Gut health and anxiety

Given how closely the gut and brain interact, it becomes easier to understand why you might feel nauseated before giving a presentation, or feel intestinal pain during times of stress. That doesn't mean, however, that functional gastrointestinal conditions are imagined or "all in your head." Psychology combines with physical factors to cause pain and other bowel symptoms. Psychosocial factors influence the actual physiology of the gut, as well as symptoms.
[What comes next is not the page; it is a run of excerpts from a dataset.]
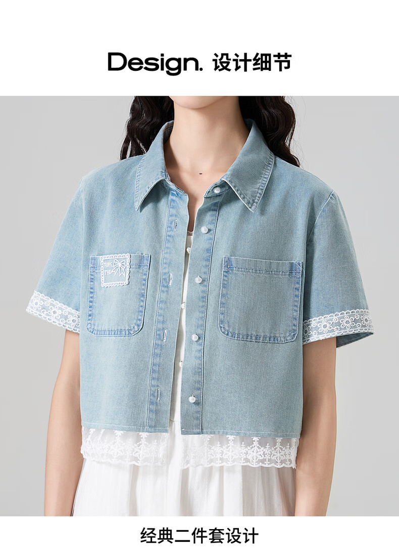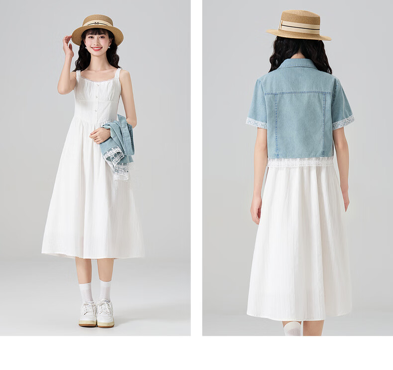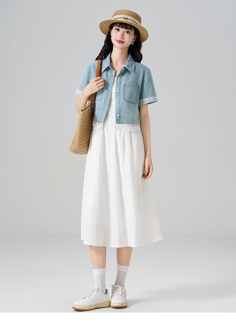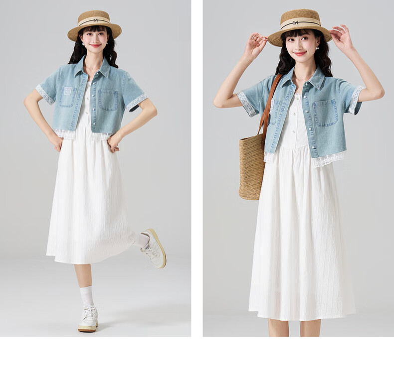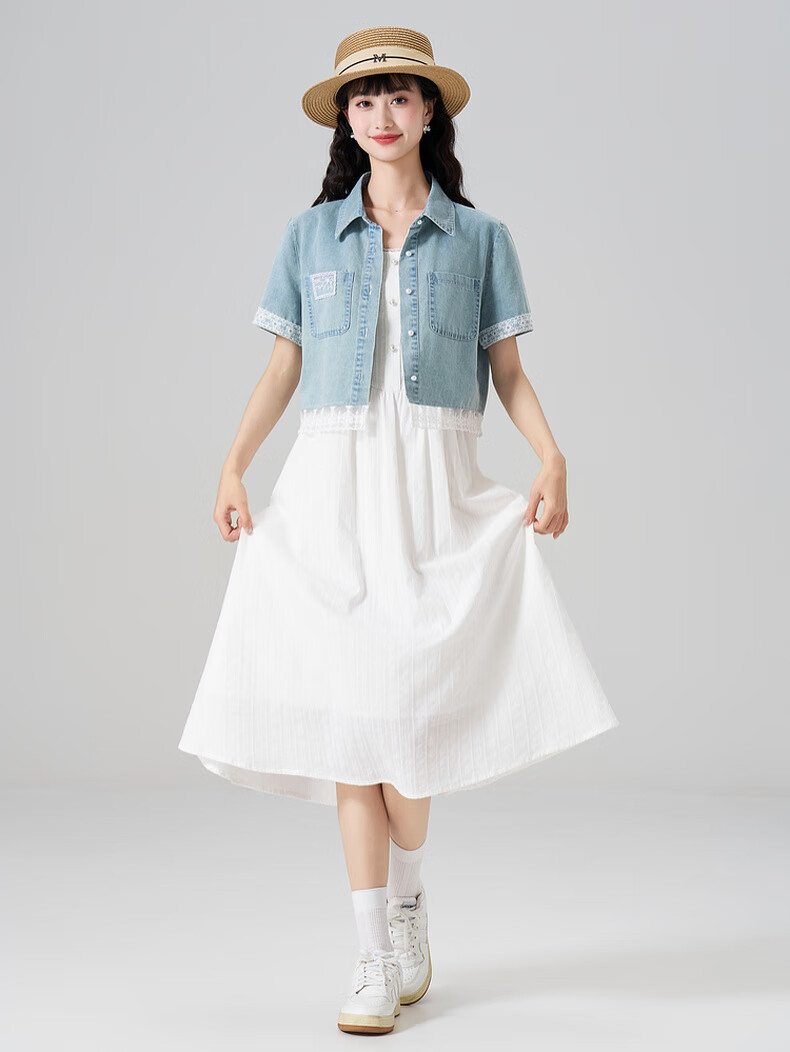 Kuaiyu women's suit 2025 new summer short denim shirt with white dress casual and sweet white L
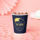Elegant personalised, custom colour CLASS OF 2025 graduation party paper cups with CONGRATULATIONS and your graduate's name accented with a faux metallic gold foil 2025 and graduation cap or mortarboard in your choice of background colour (shown in navy blue) you can change to a school colour or coordinating party theme colour in EDIT. ASSISTANCE: For help with design modification/personalisation, colour change, transferring the design to another product or would like coordinating items, contact the designer BEFORE ORDERING via Zazzle Chat or makeitaboutyoustore@gmail.com.
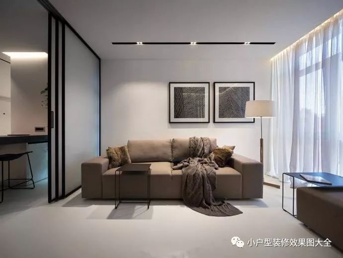 咖色的沙发,配上墙上的两张画,其他的地方就是留白,这样看起来就显得空间宽敞了很多。
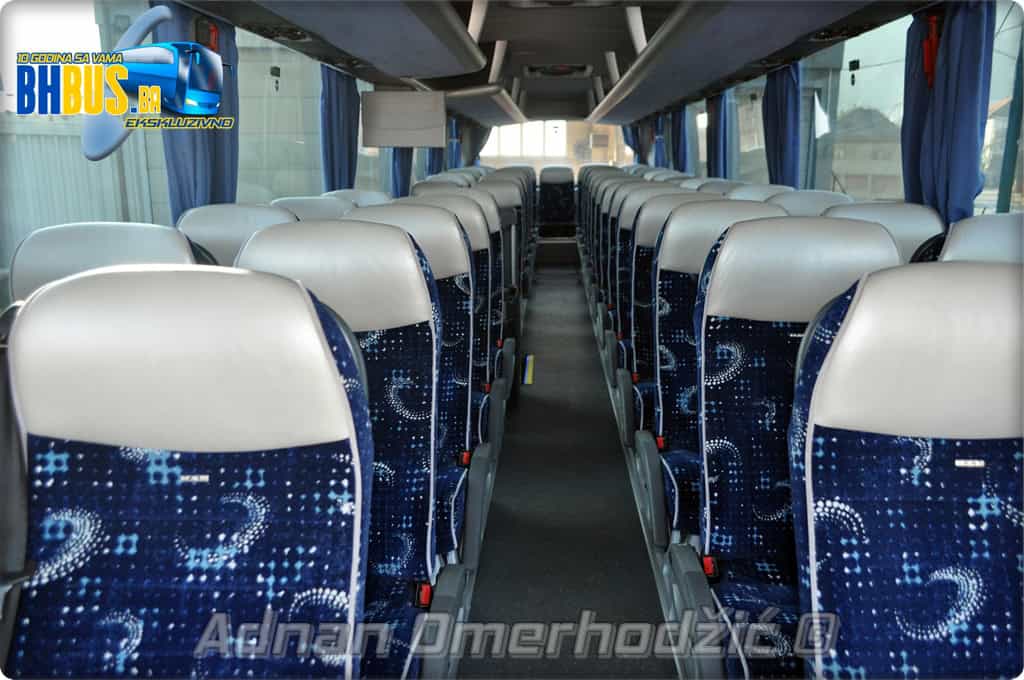 Unutrašnjost može da primi 49 putnika, a model sjedišta je također luksuzniji od standardnih sjedišta koja su se ugrađivala u ovaj model Lion's Coacha. Sjedišta su u kombinaciji plave tkanine i bež kože sa MAN amblemom na naslonjačima. Sjedišta su pomična sa obaranjem naslonjača, a svako sjedište ima sigurnosni pojas, stolić na preklop, mrežicu za stvari te naslone za ruke i noge. Pogled na sjedišta otkriva i koliko dobro je vozilo očuvano. Unutrašnju skladnost zaokružuju plave zavjese i plave police za prtljag.

In other words, stress (or depression or other psychological factors) can affect movement and contractions of the GI tract.
In addition, many people with functional GI disorders perceive pain more acutely than other people do because their brains are more responsive to pain signals from the GI tract. Stress can make the existing pain seem even worse.
Based on these observations, you might expect that at least some patients with functional GI conditions might improve with therapy to reduce stress or treat anxiety or depression. Multiple studies have found that psychologically based approaches lead to greater improvement in digestive symptoms compared with only conventional medical treatment.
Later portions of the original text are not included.